Il faut une bonne équipe pour gagner le Tour. Alberto Contador, et c'est là toute l'originalité de sa victoire, a gagné ce tour en dépit de son équipe, en dépit des Armstrong, Klöden et Johyan Bruyneel.

On le félicite.

LA MOUTARDE Rappelez-vous cette fin d'étape juste avant les Alpes. Une échappée qui ne sera pas rejointe, dans cette échappée, l'Américain George Hincapie de la Columbia qui est aussi l'équipe de Cavendish. Hincapie a de bonnes chances d'endosser le maillot jaune ce jour-là.

Le peloton est emmené par les Garmin - une autre équipe américaine. Pourquoi roulent-ils comme des malades? Aucune raison sportive. Pure malveillance. Pour empêcher Hincapie de prendre le maillot jaune. Columbia et Garmin sont en chicane depuis le Tour d'Italie. De fait, Hincapie ratera le maillot jaune par cinq secondes.

Hier, suite et fin de ce petit roman savon cheap. Le sprinter de la Garmin, Tyler Farrar, répète à qui veut l'entendre depuis trois semaines qu'il va battre Cavendish à Paris.

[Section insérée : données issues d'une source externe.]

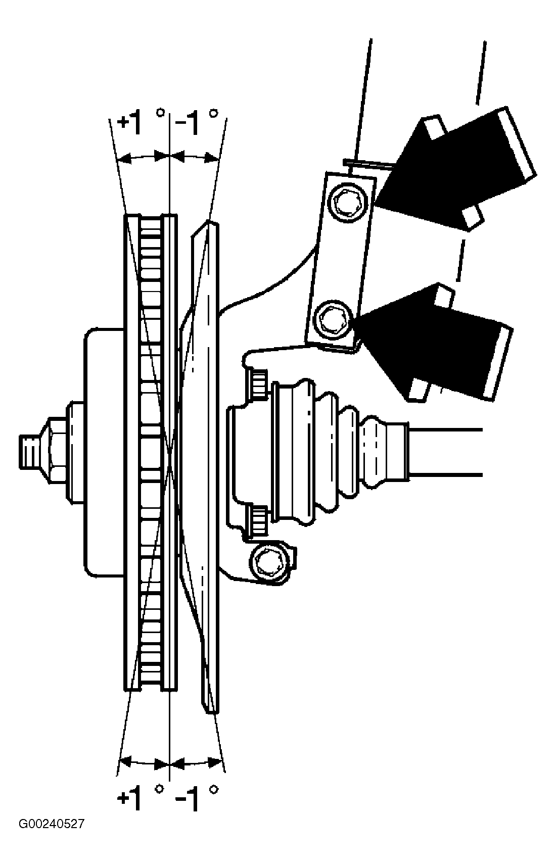 - Raise car and remove wheel(s). On vehicles with sleeves in the stub axles, remove the upper sleeve. If necessary, remove both sleeves from the stub axle, depending on how large the adjustment needs to be. A sleeve gives an angle change of approximately 0.5°. For both sleeves the change is approximately 1°. See Fig 1

Sur les Champs-Élysées hier, il y a avait de la moutarde dans le sprint de Cavendish, complètement survolté, il a pulvérisé Farrar. Pour ajouter à l'humuliation des Garmin, le poisson pilote de Cavendish, Mark Renshaw, a aussi largement battu Farrar. Yesss.

POUR FINIR Hâte de voir quel genre d'équipe Armstrong va réunir autour de ses petits amis Leipheimer, Klöden, Chris Horner et autres Popovitch. Souhaitons que la rumeur qui annonce les Schleck à RadioShack soit fausse. Ce serait pourtant bien dans le style d'Armstrong de tenter le coup: if you can't beat them, join them. Et pourquoi pas Wiggins un coup parti?

J'avais mis de côté les prédictions des grands experts avant le départ. Tous ou presque avaient Contador. Une bonne moitié plaçaient Armstrong sur le podium. Peu de Schleck par contre. Du Cadel Evans et du Menchov en masse. Deux seulement gagnent le tiercé dans l'ordre, Eddy Merckx et Marinoni.

Notez que je prends des vacances jusqu'à Nouël. Mais non c'est pas vrai, je m'en vais à Berlin pour un truc, y avez-vous des amis, des parents qui me donneraient cinq minutes pour me parler de leur ville? Je paie la bière.